Shin Splints: What’s Actually Going On?

MS

Jan 20, 2026By Michael Siciak, DC

In the clinic, I commonly see athletes presenting with pain along the inner or outer aspect of the shin. This is often linked to a sudden increase in training load—for example, deciding to train for a marathon in a few months after not running consistently for the past year.

When training volume or intensity increases too quickly, it can exceed the tissue’s ability to adapt. This imbalance between stress and recovery can lead to what is commonly referred to as “shin splints.”

Shin Splints: More Than One Diagnosis

“Shin splints” is a broad term that actually covers four related conditions, all of which exist along a continuum.

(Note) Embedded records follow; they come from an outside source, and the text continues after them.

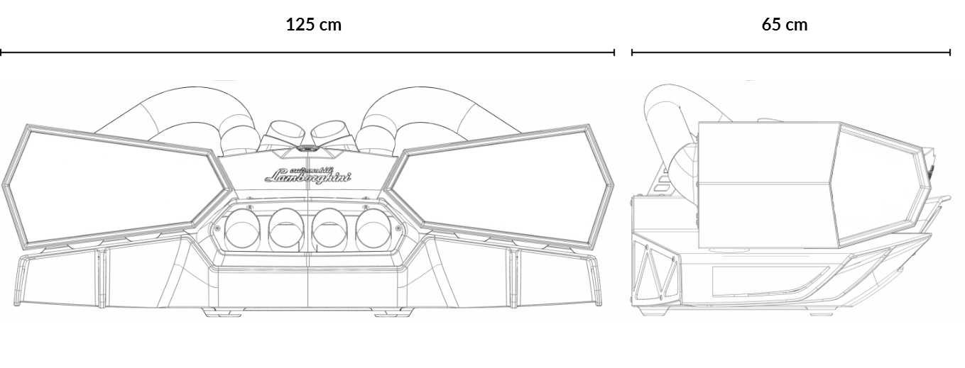 The central element is the original exhaust, which puts all elements into proportion, giving the impression of a real car.
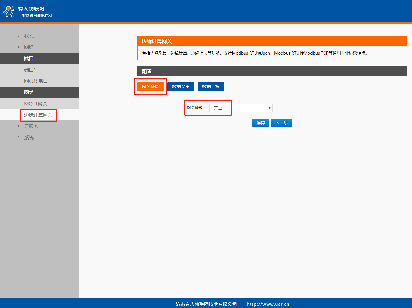 (1)點擊網(wǎng)關,點擊邊緣計算網(wǎng)關,點擊網(wǎng)關使能,網(wǎng)關使能開啟,點擊保存。
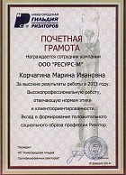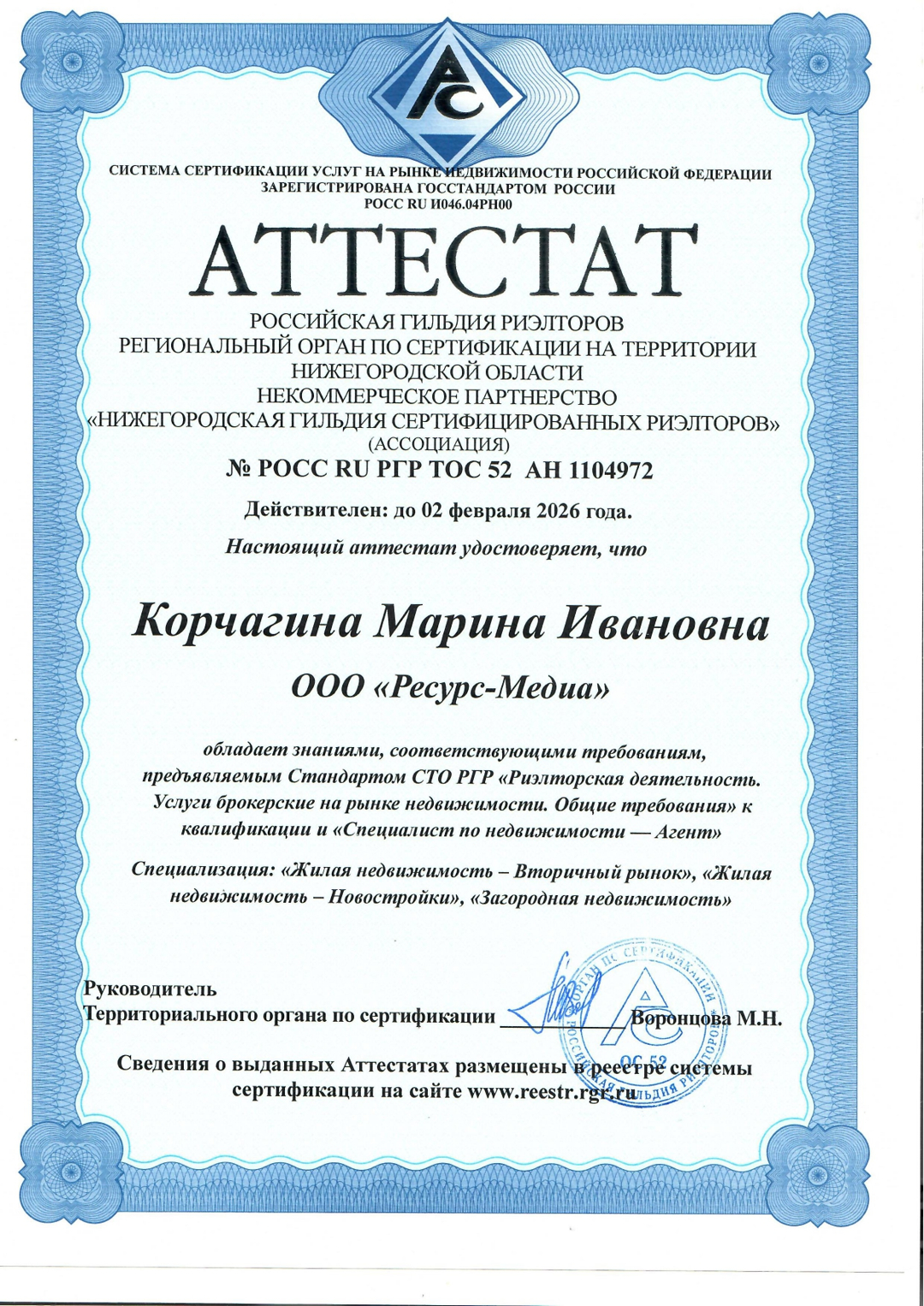 Работаю в компании ООО " Ресурс М" с 2015 года. Прошла обучение по специализации " Специалист по недвижимости- Агент", повышение квалификации: семинара Марины Некрасовой "Как достичь цели в переговорах", Родиона Совдагарова " Алгоритм взаимодействия с клиентом", Сергея Круца " Технологии активных продаж в риэлторском бизнесе"

Depending on where you fall on this spectrum, management—and your ability to continue training—may differ.

1. Tibialis Anterior or Posterior Strain
This involves small tears in the muscles that originate along the shin and attach into the foot. These muscles play an important role in controlling foot and ankle mechanics during running.

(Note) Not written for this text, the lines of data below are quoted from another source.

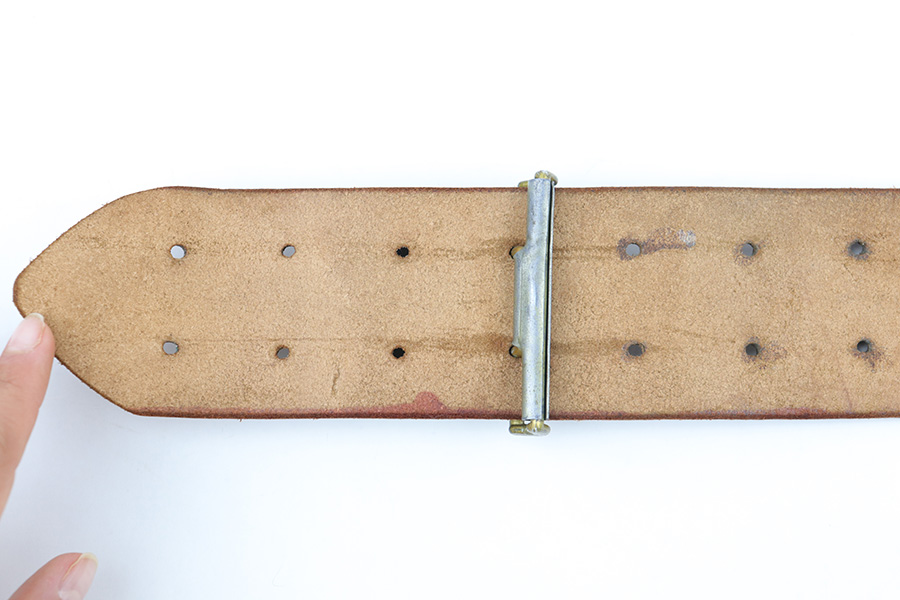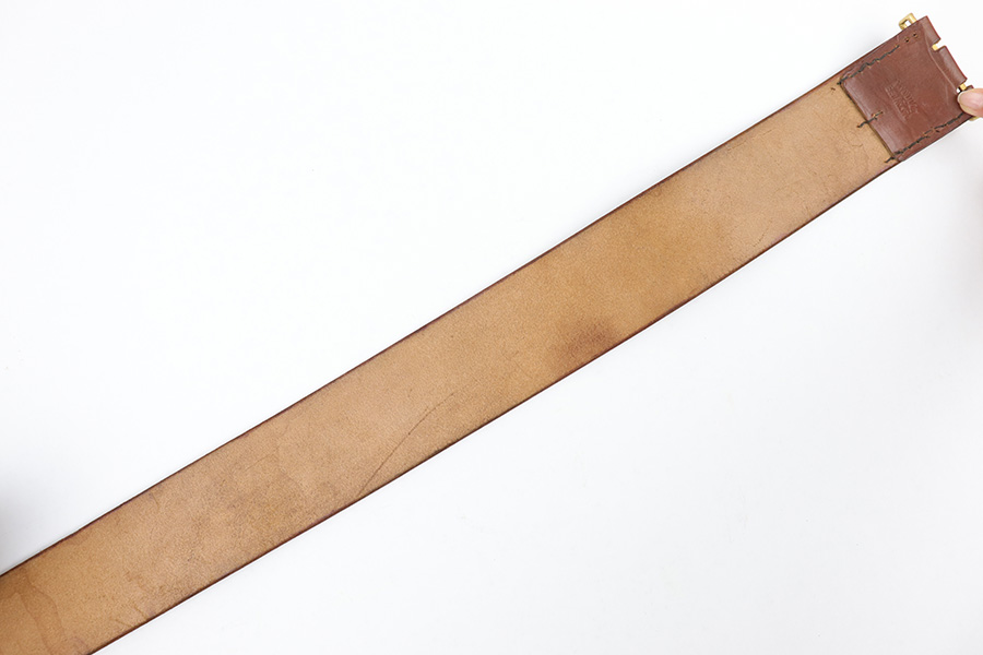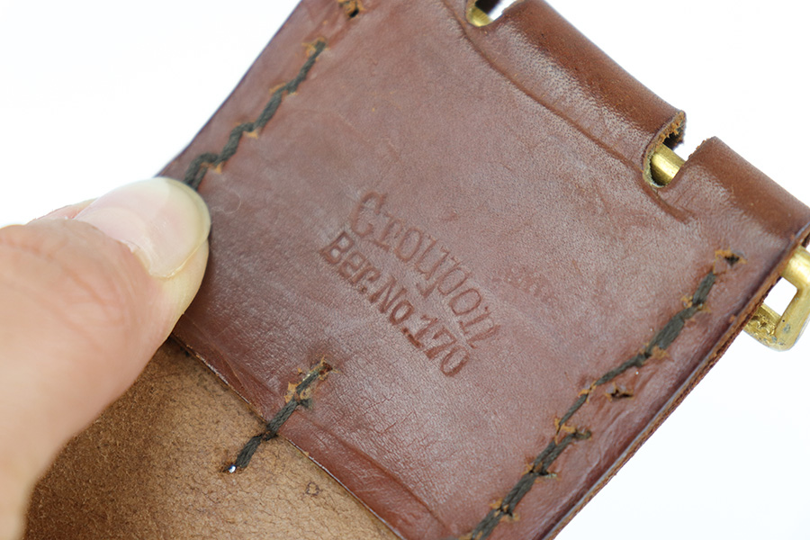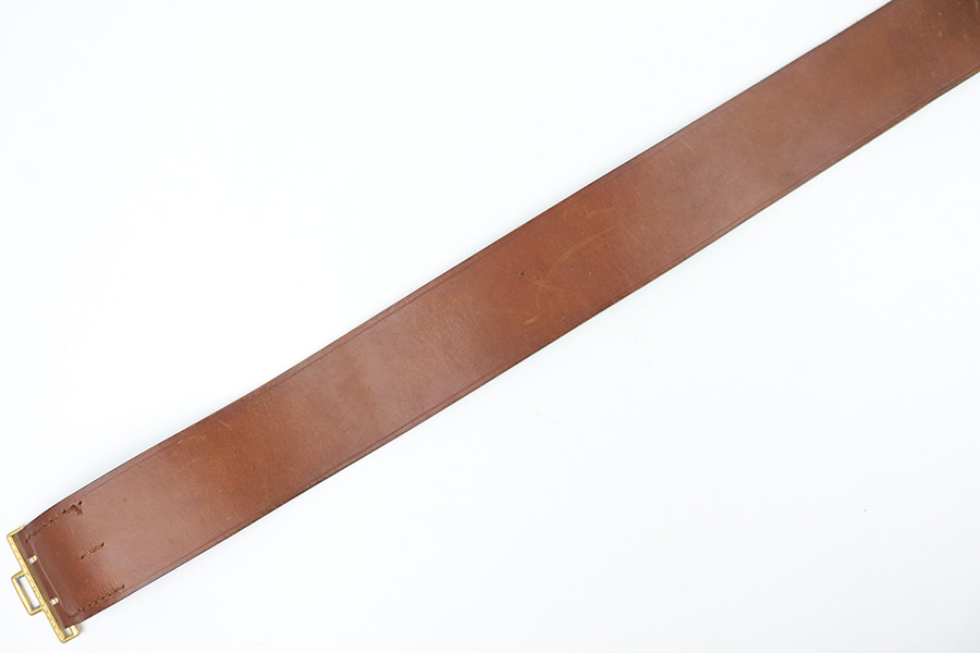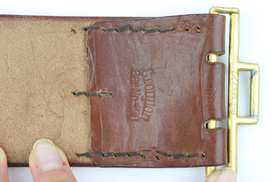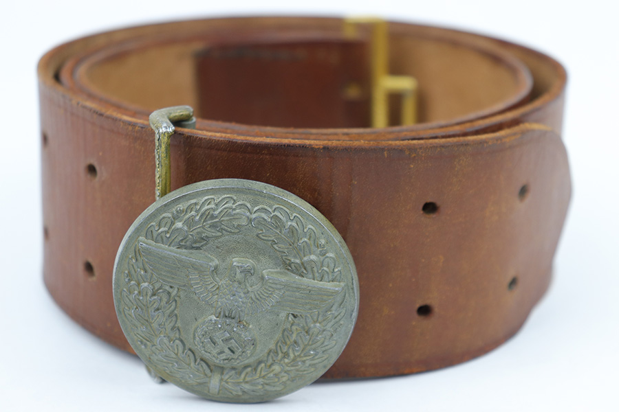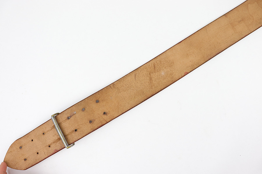 3/25/23 – This is an original RZM Political Leader Belt and Buckle. The buckle is maker stamped “RZM M4/77” which is the code for Gebrüder Gloerfeld. The buckle is made of zinc and was finished with a gold gilding. Most of the gold colored finish has worn off, leaving a natural gray metal look. There is very little dark patina or discoloration from age on the buckle, and the detail is excellent. The leather belt is excellent as well with minimal surface wear and no cracking.
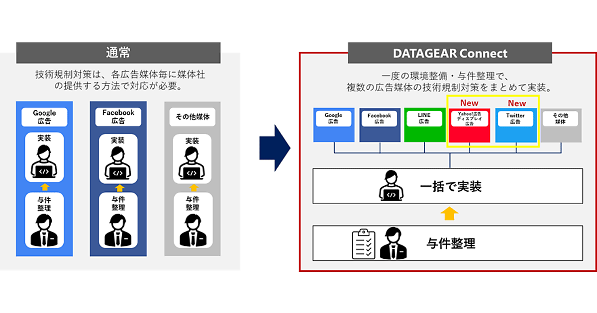 DATA GEAR Connectは、1st Partyデータの計測基盤を中核に、企業のマーケティング活動に応じてデータ戦略策定、運用・導入を支援するコンサルティングサービス。これまでは「Google広告」「Facebook広告」「LINE広告」「Googleアナリティクス4プロパティ」を対象にサービスを提供していた。今回これらに加え、新たにYahoo!広告ディスプレイ広告と、Twitter広告の計測にも対応した。
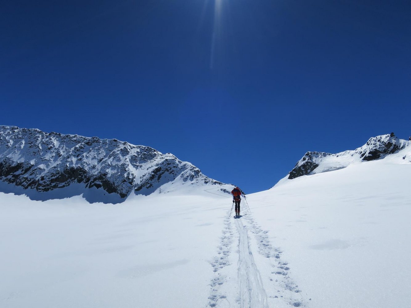 Die beliebteste, aber auch eine der längsten Skitouren von der Franz Senn Hütte, die am Ende noch mit einem 700 m langen Blockgrat, den man zu Fuß überwindet, hochalpines Flair versprüht. Eine abwechslungsreiche Paradetour!
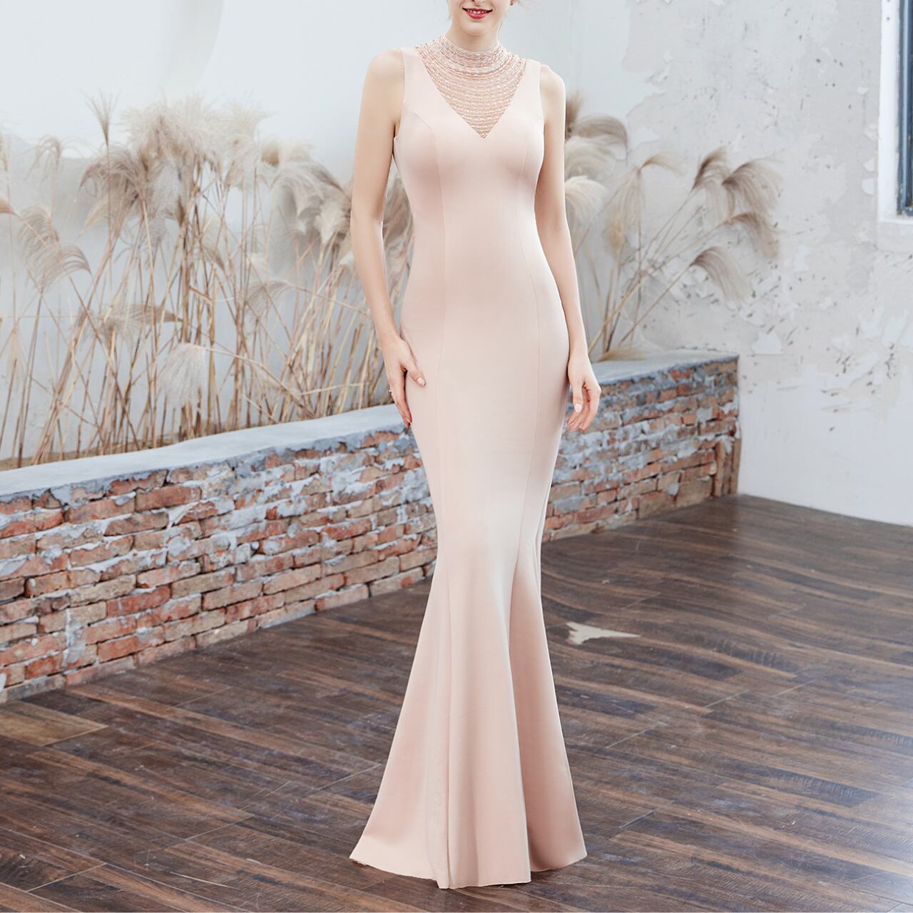 体にフィットするラインが女性らしい曲線を美しく強調し、裾に向かって広がるフレアが優雅な動きを演出します。

2. Medial Tibial Stress Syndrome (MTSS)
This condition involves irritation or tearing of the connective tissue (fascia) along the inner shin. Unlike more serious injuries, pain often feels worse at the start of activity and improves as the session continues.

3. Stress Reaction
Here, the outer layer of the bone (where tendons and connective tissue attach) begins to swell and structurally weaken. Symptoms typically worsen with activity. A classic sign is tenderness over a broader area (greater than 5 cm) and pain with vibration.

4. Stress Fracture
This represents the final and most severe stage, involving a small break in the bone. Symptoms include sharp, localized pain (less than 2 cm in size) and pain with weight bearing or impact.

Health Tips:

Get imaging if symptoms are persistent or severe

X-rays may not show changes until weeks or months after symptoms begin since it does not show changes to soft tissues, only to the bone (ie stress reaction and fractures)
Ultrasound is increasingly used to detect soft tissue changes around the bone and is being increasingly used to help identify early stages of the injury.
MRI is the most sensitive option and is considered the gold standar, but hard to get in a timely manner.


Re-plan your training
Shin splints usually develop when training stress far exceeds recovery. Reducing volume and intensity allows tissues time to heal and adapt.

De-load without de-conditioning
Maintain cardiovascular fitness by cycling, swimming, or using an arm ergometer while reducing or avoiding running.

Support bone health through nutrition
Adequate intake of calcium and vitamin D is essential for maintaining bone density and supporting the body’s ability to tolerate repetitive loading.